La Comisión Europea ha presentado un nuevo paquete de medidas sobre finanzas digitales para ofrecer a los consumidores más posibilidades de elección y oportunidades en materia de servicios financieros y formas de pago modernas. Al mismo tiempo que  garantizan la protección de los consumidores y su estabilidad financiera.

El paquete estimulará la competitividad y la innovación de Europa en el sector financiero. A su vez, será crucial para apoyar su recuperación económica, pues se abrirán nuevas formas de canalizar la financiación hacia las empresas europeas, desempeñando un papel clave en la aplicación del Pacto Verde Europeo y de la Nueva estrategia industrial para Europa.

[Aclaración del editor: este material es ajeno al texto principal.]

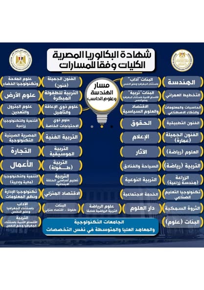 أعلنت وزارة التربية والتعليم والتعليم الفني ووزارة التعليم العالي والبحث العلمي عن الخريطة الكاملة للكليات والتخصصات الجامعية المتاحة، وذلك لكل من:
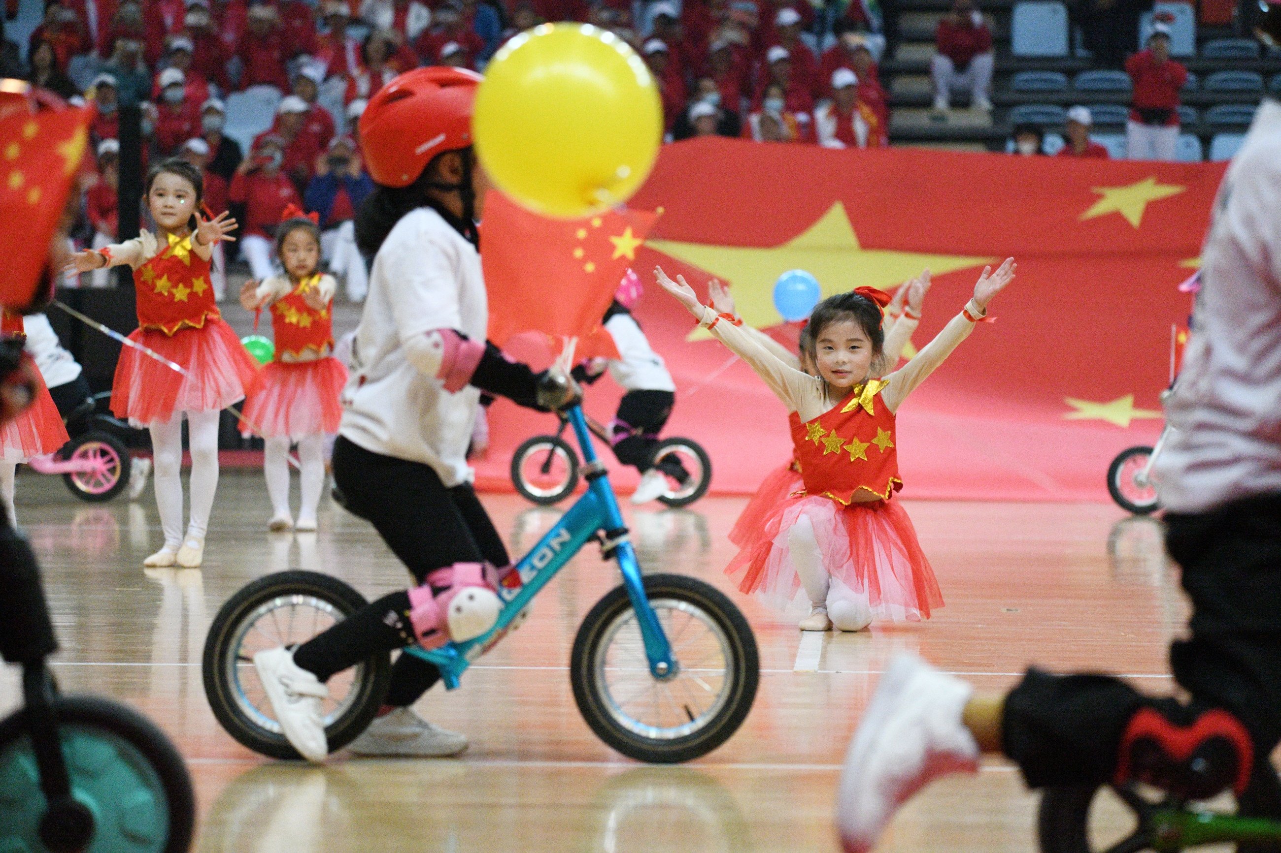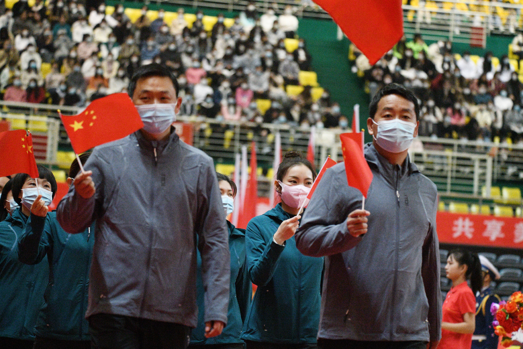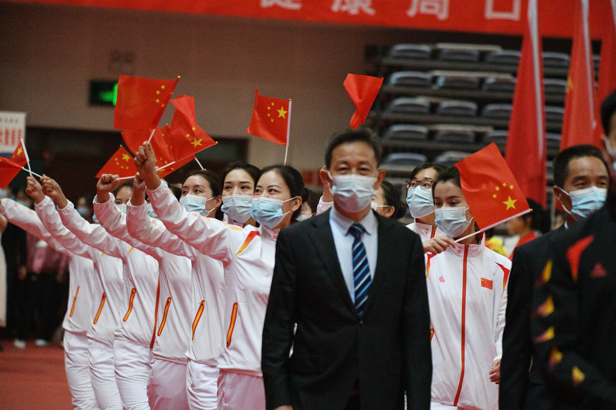 女運(yùn)動(dòng)員們展示巾幗不讓須眉的奮進(jìn)精神

La Estrategia en materia de datos, tiene como objetivo promover el intercambio de datos y finanzas abiertas y garantizar la igualdad de condiciones entre los proveedores de servicios financieros: misma actividad, mismos riesgos, mismas normas. Con ella, se reducirá la fragmentación del mercado único digital y los consumidores podrán tener acceso a productos financieros transfronterizos.

Otras estrategias a seguir por la Comisión Europea 

Por su parte, con La Estrategia de Pagos Minoristas, los pagos serán seguros, rápidos y fiables, tanto para empresas como ciudadanos. Lo que facilitará a los consumidores el pago en las tiendas y hará que las transacciones de comercios electrónicos sean seguras y prácticas.

La Comisión Europea presenta un paquete de medidas sobre finanzas digitales para ofrecer a los consumidores más posibilidades de elección y oportunidades en materia de servicios financieros

La propuesta en Materia de Criptoactivos, impulsará la innovación, preservando la estabilidad financiera y protegiendo a los inversores de los riesgos. De este modo, se aportará claridad y seguridad jurídica a los emisores y proveedores de criptoactivos.

Por último, con la propuesta sobre Resiliencia Operativa Digital, se garantizará que todos los participantes en el sistema financiero cuenten con las salvaguardas necesarias para paliar ciberataques y otros riesgos. La legislación exigirá también a todas las empresas que se aseguren de que pueden resistir a cualquier tipo de perturbaciones relacionadas con las TIC.